By Andy Serwer

(FORTUNE Magazine) – It really shouldn't be a surprise that gold has been on a mad tear of late. In early December the yellow metal crashed through the $500-an-ounce barrier, a price not seen since the 1980s. A quick check of the world zeitgeist suggests that conditions for a gold rush are optimal. Interest rates are beginning to climb, while the dollar has been weak. Demand from millions of gold-loving Chinese and Indians is escalating as the economies of these countries grow. Then there's global skittishness over terrorism and pandemics, which contributes to gold buying. And one more thing: Gold enjoyed a huge run-up that began in the early 1970s and ended in 1980 when it traded at about $850 an ounce. The price then went into a long slide, bottoming out in 2001 at $250 an ounce. (Ergo: It must be somewhat true that every investment vehicle has its day.)

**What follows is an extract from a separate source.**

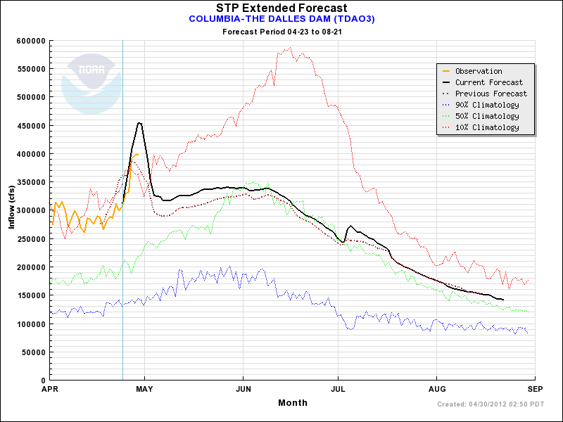 In case you're curious, this is today's forecast for inflow to The Dalles dam. This forecast is used to determine when the Event Site will be switched to Pump/Dry only.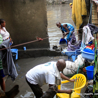 Une famille inondée par les eaux de pluie, tente de récupérer leurs biens en évacuant les eaux stagnantes dans la parcelle. Radio Okapi/Ph. John Bompengo

Of course the $8,400 question (that's the price of a pound of gold these days) is, Will gold keep going up? Maybe the best way to answer it is to ask another question: Are the previously described global conditions going to persist for a good amount of time? If the answer is yes, then it could be that the price of gold rises further.

Believers can satisfy their gold lust by buying the metal directly in the form of coins such as American Eagles, Canadian Maple Leafs, South African Krugerrands, Austrian Philharmonics, or Australian Kangaroos. You can also buy a gold mining company stock. Tanya Jakusconek, analyst with National Bank Financial in Toronto, recommends Barrick Gold, a so-called senior producer, and two smaller companies, Glamis and Eldorado. There are dozens of gold mutual funds, including top performers from Fidelity, Franklin, and USAA, or gold exchange-traded funds (ETFs) like StreetTracks, which holds some $3.8 billion of gold bullion. Final thought: The gold bear market lasted two decades; the recent gold bull is only four years young. Those Kangaroos and Krugerrands may still have some hop to them.